#### Exercise material

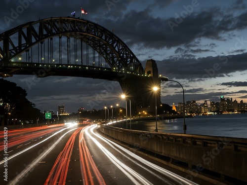 Fototapeta premium Evening traffic on the Sydney Harbour Bridge.
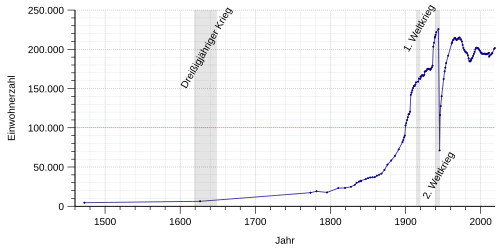 Nach Beendigung des Krieges stieg die Bevölkerung der Stadt durch die Rückkehr der Zwangsevakuierten und den Zustrom zahlreicher Flüchtlinge und Vertriebenen aus den ehemaligen deutschen Ostgebieten bis 1959 auf über 200.000 Personen. Dem Anstieg stehen die Ausweisung von Neubaugebieten durch Nachbargemeinden gegenüber, die zu einer Verschiebung zugunsten der Vororte führen. Von 1977 bis 1992 und von 1997 bis 2015 lag die Bevölkerungszahl knapp unter der Grenze von 200.000. Im Jahre 2019 stand die Stadt mit über 205.481 Einwohnern unter den deutschen Großstädten an 40., innerhalb Hessens an dritter Stelle.
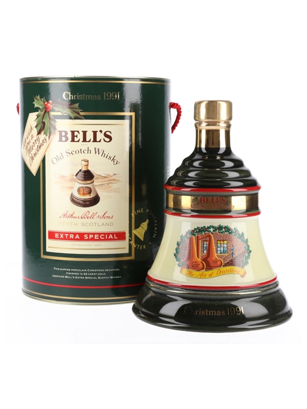 A bottle of Bell's Extra Special Old Scotch Whisky presented in a ceramic decanter and released for Christmas 1991, The Art of Distilling.
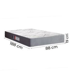 MEDIDAS:: A = 19 cm L = 88 cm P = 188 cm | MODELO:: EGITO | MARCA:: Portobel | COR:: Cinza/Branco | REVESTIMENTO SUPERIOR:: Possui revestimento do tampo em tecido poliéster, especialmente selecionado para garantir uma sensação agradável ao toque e um acabamento sofisticado. | REVESTIMENTO LATERAL:: Tecido suede que permite melhor ventilação, proporcionando conforto térmico e toque macio | REVESTIMENTO INTERIOR:: Espuma D28 de qualidade, que faz com que o colchão suporte até 100kg por pessoa, garantindo durabilidade e conforto | POSSUI EPS:: Sim | Peso:: 10kg | PESO SUPORTADO:: 100kg por pessoa | ITENS INCLUSOS:: 1 Colchão de 0,88m | GARANTIA:: 6 meses pelo Fabricante | AVISO:: A Esplanada Móveis se responsabiliza pela entrega dos produtos adquiridos até a porta de entrada ou portaria do endereço indicado, se a portaria do condomínio permitir, as entregas são efetuadas no piso térreo. Cor: Cinza
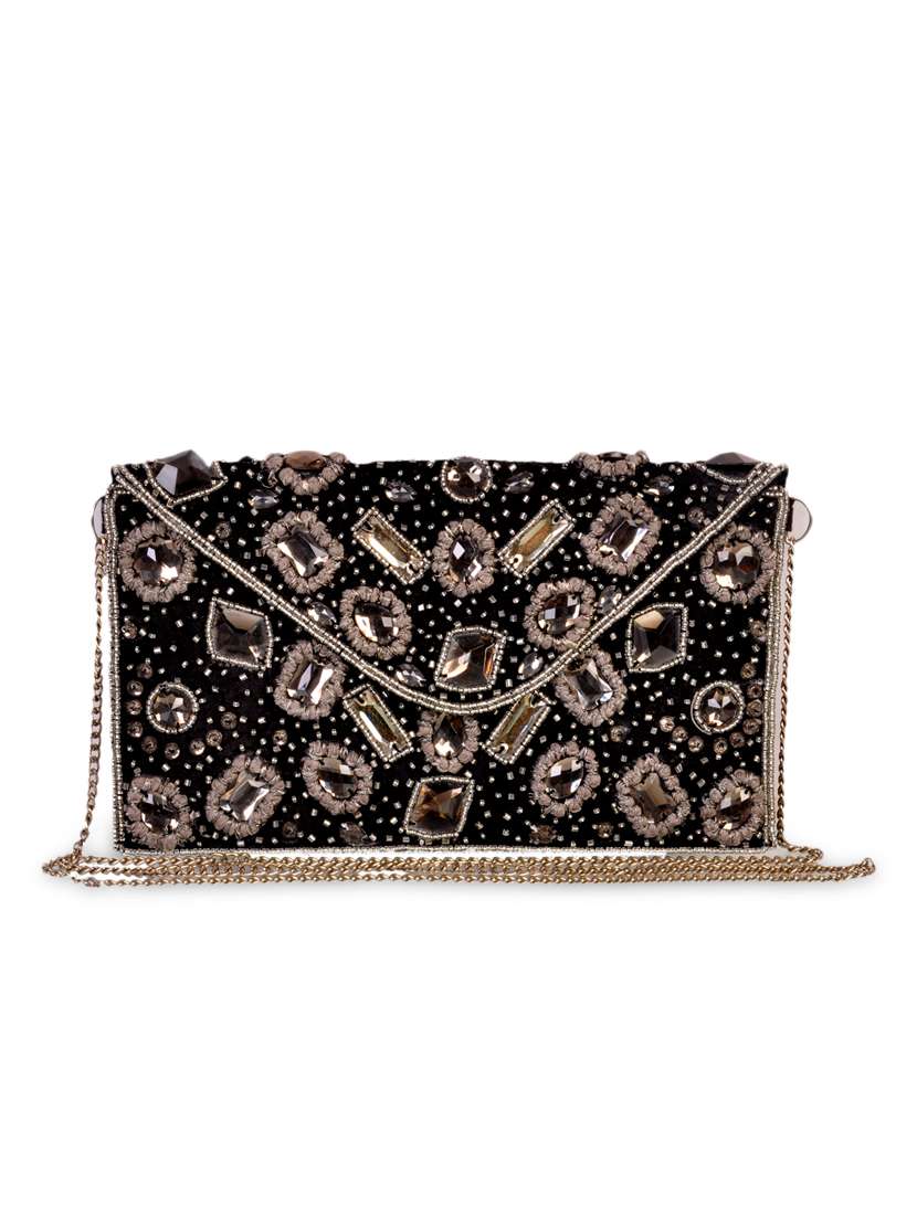 #4 black embellished cotton sling cum clutch bag & similar products...

########

The task >>
Return all the data exactly, pictures omitted.

Answer box >>
 Fototapeta premium Evening traffic on the Sydney Harbour Bridge.
 Nach Beendigung des Krieges stieg die Bevölkerung der Stadt durch die Rückkehr der Zwangsevakuierten und den Zustrom zahlreicher Flüchtlinge und Vertriebenen aus den ehemaligen deutschen Ostgebieten bis 1959 auf über 200.000 Personen. Dem Anstieg stehen die Ausweisung von Neubaugebieten durch Nachbargemeinden gegenüber, die zu einer Verschiebung zugunsten der Vororte führen. Von 1977 bis 1992 und von 1997 bis 2015 lag die Bevölkerungszahl knapp unter der Grenze von 200.000. Im Jahre 2019 stand die Stadt mit über 205.481 Einwohnern unter den deutschen Großstädten an 40., innerhalb Hessens an dritter Stelle.
 A bottle of Bell's Extra Special Old Scotch Whisky presented in a ceramic decanter and released for Christmas 1991, The Art of Distilling.
 MEDIDAS:: A = 19 cm L = 88 cm P = 188 cm | MODELO:: EGITO | MARCA:: Portobel | COR:: Cinza/Branco | REVESTIMENTO SUPERIOR:: Possui revestimento do tampo em tecido poliéster, especialmente selecionado para garantir uma sensação agradável ao toque e um acabamento sofisticado. | REVESTIMENTO LATERAL:: Tecido suede que permite melhor ventilação, proporcionando conforto térmico e toque macio | REVESTIMENTO INTERIOR:: Espuma D28 de qualidade, que faz com que o colchão suporte até 100kg por pessoa, garantindo durabilidade e conforto | POSSUI EPS:: Sim | Peso:: 10kg | PESO SUPORTADO:: 100kg por pessoa | ITENS INCLUSOS:: 1 Colchão de 0,88m | GARANTIA:: 6 meses pelo Fabricante | AVISO:: A Esplanada Móveis se responsabiliza pela entrega dos produtos adquiridos até a porta de entrada ou portaria do endereço indicado, se a portaria do condomínio permitir, as entregas são efetuadas no piso térreo. Cor: Cinza
 #4 black embellished cotton sling cum clutch bag & similar products...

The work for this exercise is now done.